Project DIGITS features the new Nvidia GB10 Grace Blackwell Superchip with 20 Arm cores and is designed to offer a “petaflop” (at FP4 precision) of GPU-AI computing performance for prototyping, fine-tuning and running large AI models. (Mandatory floating point explainer may be helpful here.)

Since the release of the G8x line of video cards (2006), Nvidia has done a good job of providing CUDA tools and libraries available across the entire line of GPUs.
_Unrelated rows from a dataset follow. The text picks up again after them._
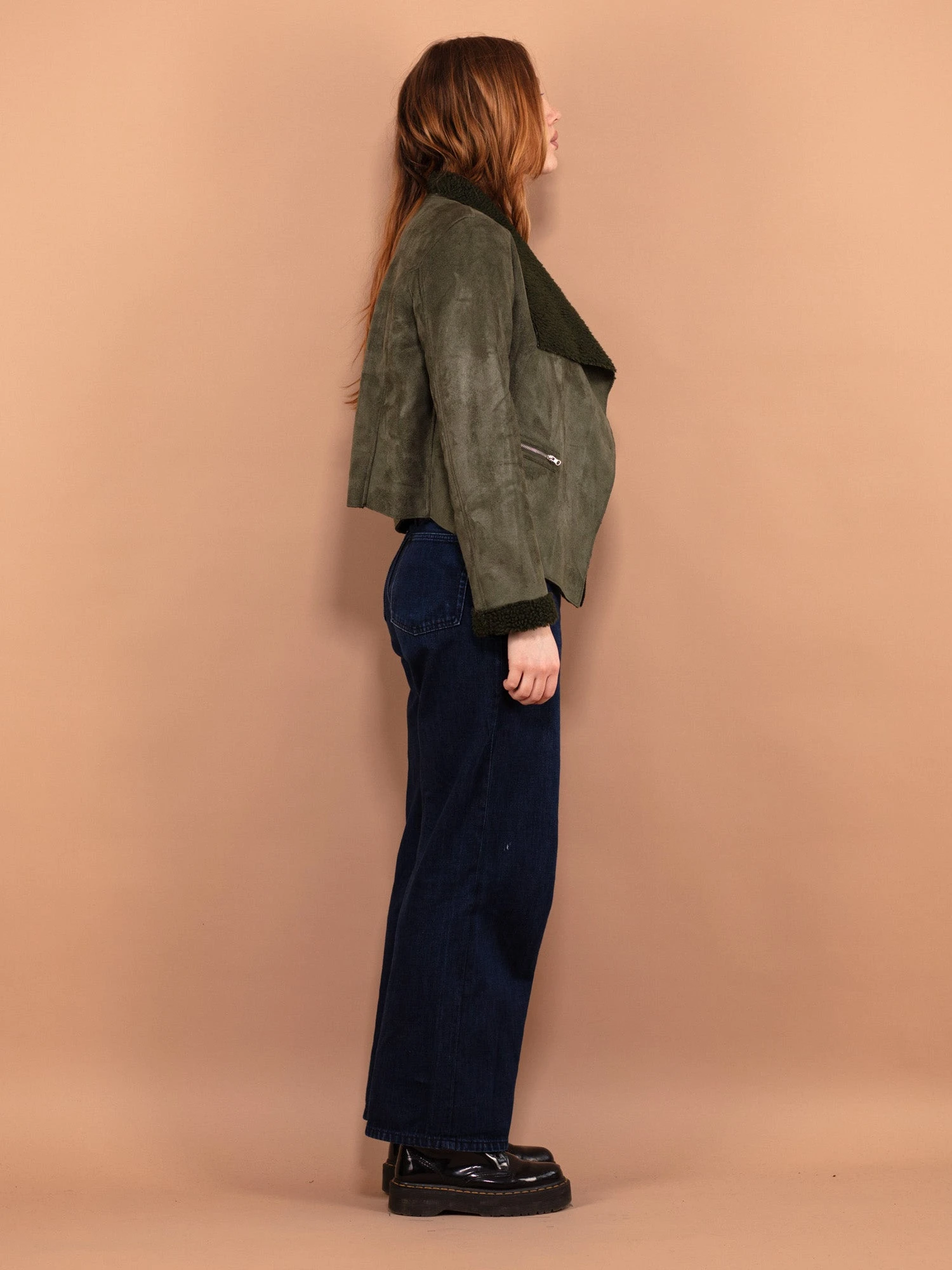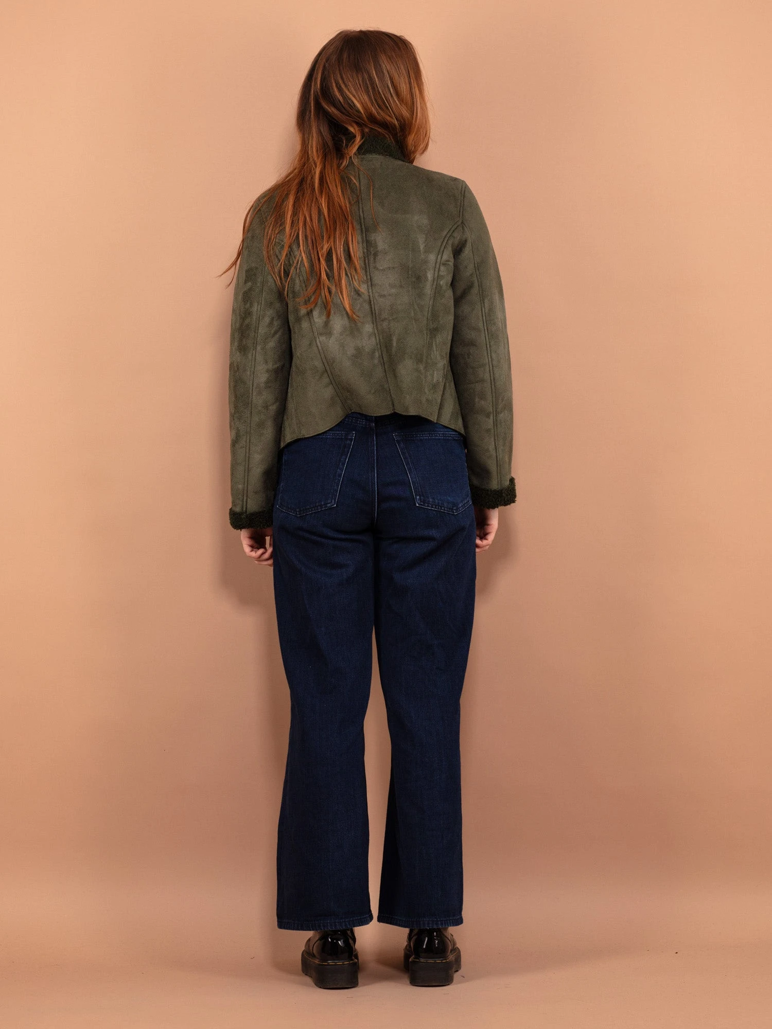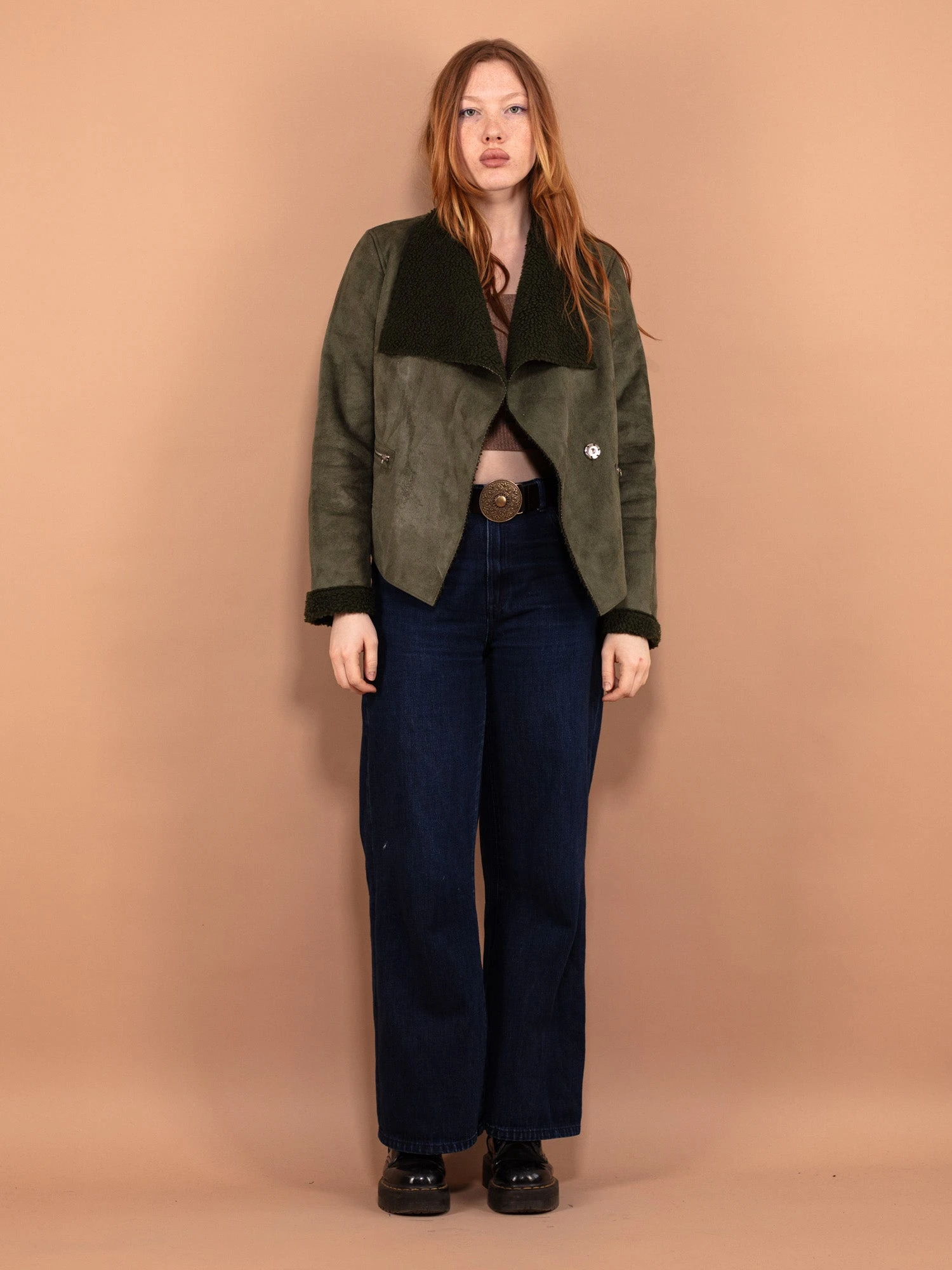 A faux shearling jacket in a soothing green shade from the 00s. The classic design features a single snap summary closure down the front with two zip outer pockets. This cruelty-free piece gives you the sheepskin look without any harm to the animals; it’s made from 100% polyester fabrics.
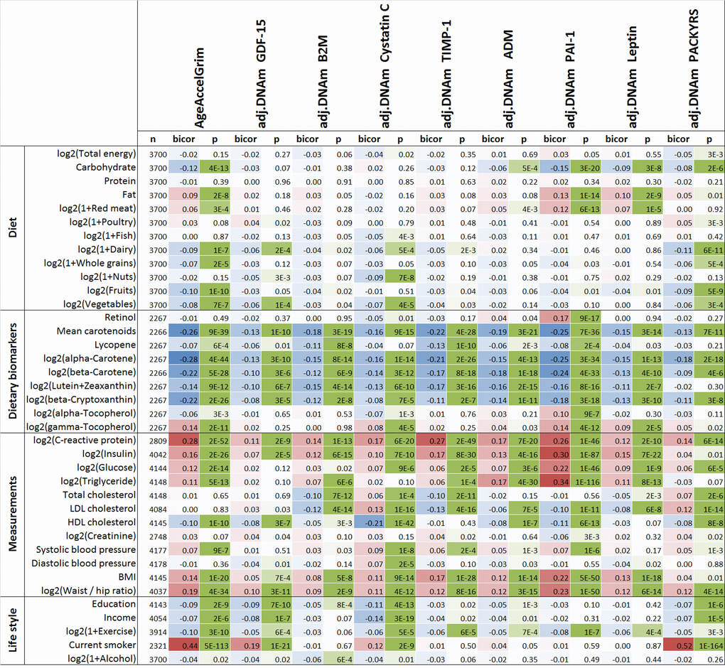 Figure 6. Cross sectional correlations between DNAm biomarkers and lifestyle factors. Robust correlation coefficients (biweight midcorrelation [62]) between 1) AgeAccelGrim and its eight age-adjusted underlying DNAm-based surrogate biomarkers and 2) 38 variables including self-reported diet, 9 dietary biomarkers, 12 variables related to metabolic traits and central adiposity, and 5 life style factors. The 2-color scale (blue to red) color-codes bicor correlation coefficients in the range [-1, 1]. The green color scale (light to dark) applied to unadjusted P values. The analysis was performed on the WHI cohort in up to 4200 postmenopausal women. An analogous analysis stratified by race/ethnicity can be found in Supplementary Fig. 30.
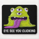 Add a touch of fun to your workspace with this quirky mouse pad featuring a slimy monster with a few eyes, ready to keep an "eye" on your every click. The playful design, combined with the phrase "Eye See You Clicking" makes this mouse pad a perfect blend of humour and functionality. Whether you're at work or gaming, this unique accessory is sure to bring a smile to your face and keep your desk looking cool.
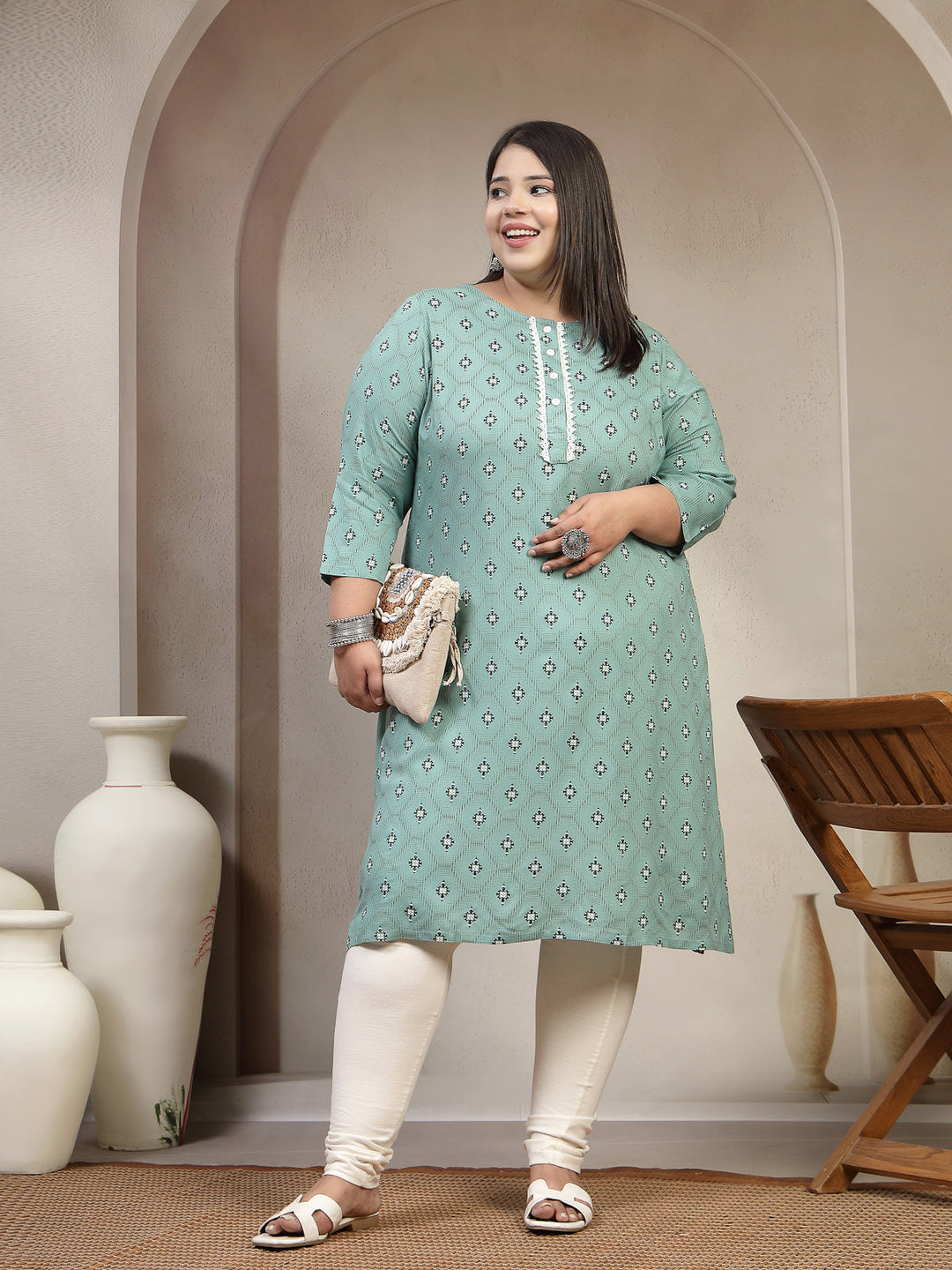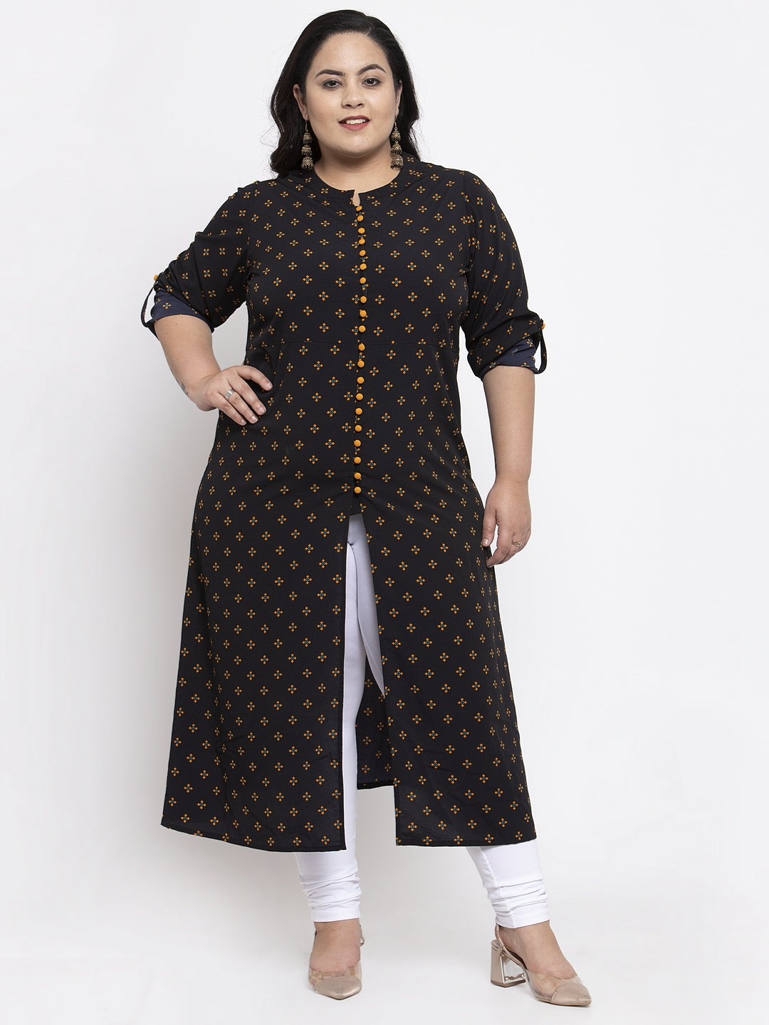 Plus Size Ethnic Motifs Printed Mandarin Collar A-Line Regular Kurta
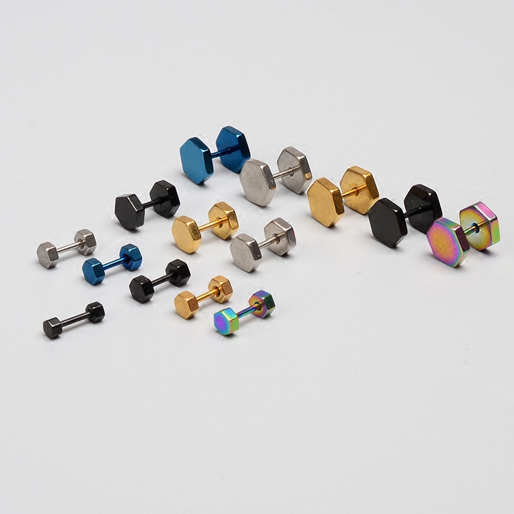 钛钢六边形耳钉几何形双头耳骨钉街舞朋克嘻哈街头潮男耳钉单只潮
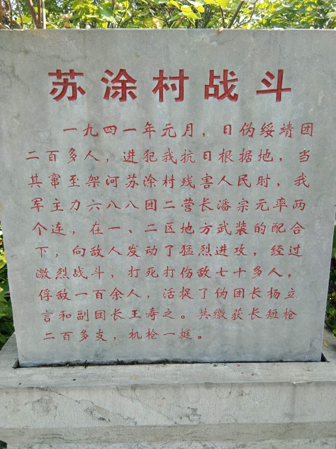 蘇涂莊上立奇功 1941年1月21日,接鳳臺縣委指示,日偽綏靖6團竄入田集東朱家溝沿過年,要求丁文山帶領二區隊星夜和一區區長王子云到謝街西北瓦溝沿集中待命,新四軍688團馮團長帶了一個營的兵力也先期到達,為統一指揮一區隊和二區隊合成一連,他們配合688團連夜急忙趕到朱家溝,但撲了空,敵團已向架河蘇涂莊逃竄,第二天凌晨六點在蘇涂莊和敵人遭遇,我方戰士英勇善戰,火力充足,敵人不堪一擊,這次戰斗打的十分漂亮,全殲敵人280余人,活捉日偽團長楊立言,副團長王壽之,繳獲槍支200多條和1挺機槍。
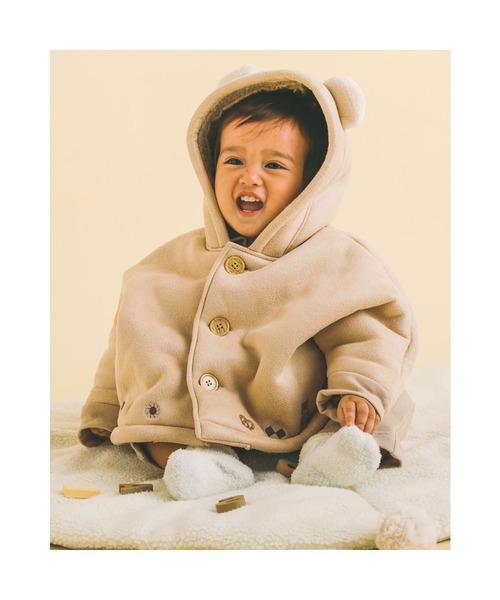 フードに付けたくまさんモチーフのお耳がかわいいベビー用マント。 お耳はファー素材を用いて、立体感をプラス。 裾には、おいしそうなお菓子やくまさんの刺繍を施しました。 フロントにポンポンっとウッド調のボタンをつけて、ナチュラルな雰囲気のマントに仕上がりました。 内側にはボア素材を使用して、真冬もあったかい◎ ふわふわなボアが優しくベビーを包みます。 お袖を折り返してもポイントになってかわいいです。 マントタイプの羽織は、抱っこ紐に入れたままうえからバサッと着せられてらくちん! ワンサイズ(50-90cm)展開で生まれたてから2歳ころまで長くご着用いただけるので、サイズに迷うベビーギフトにもおすすめです◎ ナチュラルな印象のベージュと、冬らしいブルーの2色展開です。 ベージュは女の子も着用いただけるデザイン♪ ※左上前開きです。 2022年秋冬男の子・女の子アイテム。 【SLAP SLIP(スラップ スリップ)】 ~子どもの欲しいをカタチに~ ヨーロッパのこどものように 子どもらしい今しか着れないナチュラルなかわいさを提案 どこか上品で清楚感漂うフレンチカジュアルは いつものコーディネートをさりげなく格上げ 洗濯:洗濯機使用可 裏地有りです。
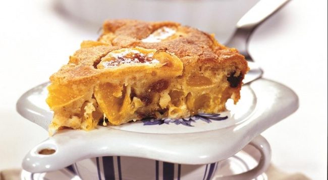 Готовую шарлотку остудить и посыпать сахарной пудрой.
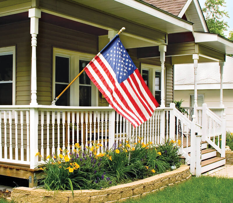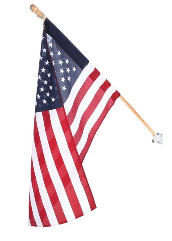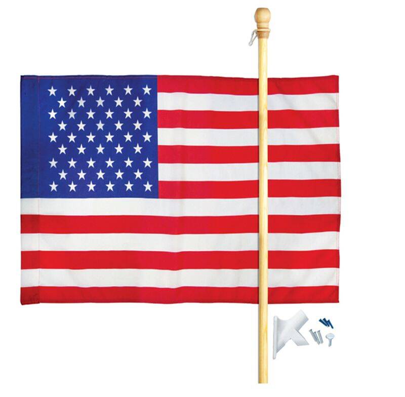 Includes Flag, flag sleeve, 5-foot wood pole, nylon bracket and screws
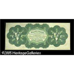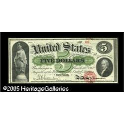 <B>Fr. 61a $5 1862 Legal Tender Choice Crisp Uncirculated.</B></I><BR> A lovely note displaying a most unusual error, as the red Treasury seal is printed at the bottom of the note rather than in its normal position above the Spinner signature. Even more interesting is that a small portion of the seal from the note above shows in this note's top margin. It's a flawless uncirculated example save for one rather clumsily filled pinhole next to the serial number. Lot:15016
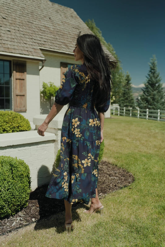 Lena Tiered Midi Dress | Navy + Gold Floral
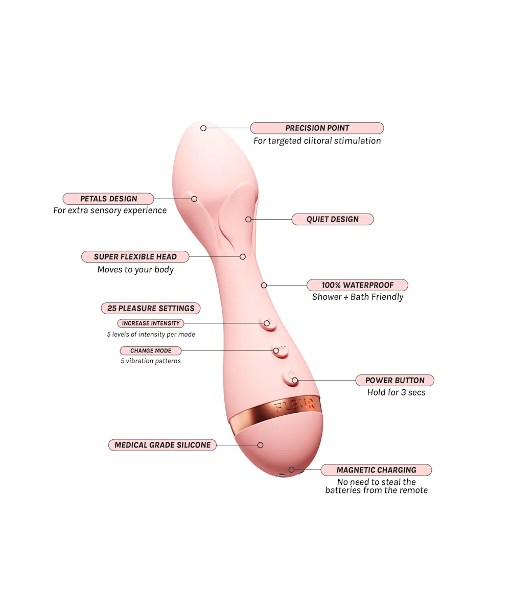 Level up your self-care game with Vush. The Rose 2 is a bullet vibrator that's hard not to fall in love with. The small, soft and flexible vibrator has precision points which bend and flex with your body, so you can personalise your pleasure. With five intensity levels and five vibration patterns to choose from, this quiet, 100% waterproof vibrator is designed for all bodies.
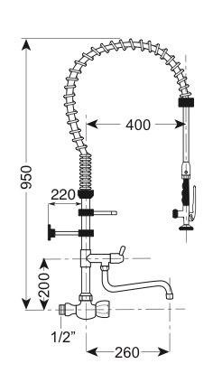 Gruppo doccia con rubinetto monoforo, monoacqua, con manopola multigiro e rubinetto di servizio
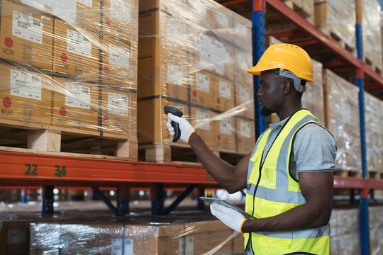 Man African American professional worker wearing safety uniform and white hard hat using bar code reader scanning box inspect product on shelves in warehouse.

The ability to use a low-cost customer video card for CUDA development has helped create a vibrant ecosystem of applications. Due to the cost and scarcity of performant GPUs, the DIGITS project should enable more LLM-based software development. Like a low-cost GPU, the ability to run, configure, and fine-tune open transformer models (e.g., llama) on a desktop should be attractive to developers. For example, by offering 128GB of memory, the DIGITS system will help overcome the 24GB limitation on many lower-cost consumer video cards.

Scant Specs

The new GB10 Superchip features an Nvidia Blackwell GPU with latest-generation CUDA cores and fifth-generation Tensor Cores, connected via NVLink-C2C chip-to-chip interconnect to a high-performance Nvidia Grace-like CPU, which includes 20 power-efficient Arm cores (ten Arm Cortex-X925 and ten Cortex-A725 CPU cores . Though no specs were available, the GPU side of the GB10 is assumed to offer less performance than the Grace-Blackwell GB200. To be clear; the GB10 is not a binned or laser trimmed GB200. The GB200 Superchip has 72 Arm Neoverse V2 cores combined with two B200 Tensor Core GPUs.

The defining feature of the DIGITS system is the 128GB (LPDDR5x) of unified, coherent memory between CPU and GPU. This memory size breaks a “GPU memory barrier” when running AI or HPC models on GPUs; for instance, current market prices for the 80GB Nvidia A100 vary from $18,000 to $20,000. With unified, coherent memory, PCIe transfers between CPU and GPU are also eliminated. The rendering in the image below indicates that the amount of memory is fixed and cannot be expanded by the user. The diagram also indicates that ConnectX networking (Ethernet?), Wifi, Bluetooth, and USB connections are available.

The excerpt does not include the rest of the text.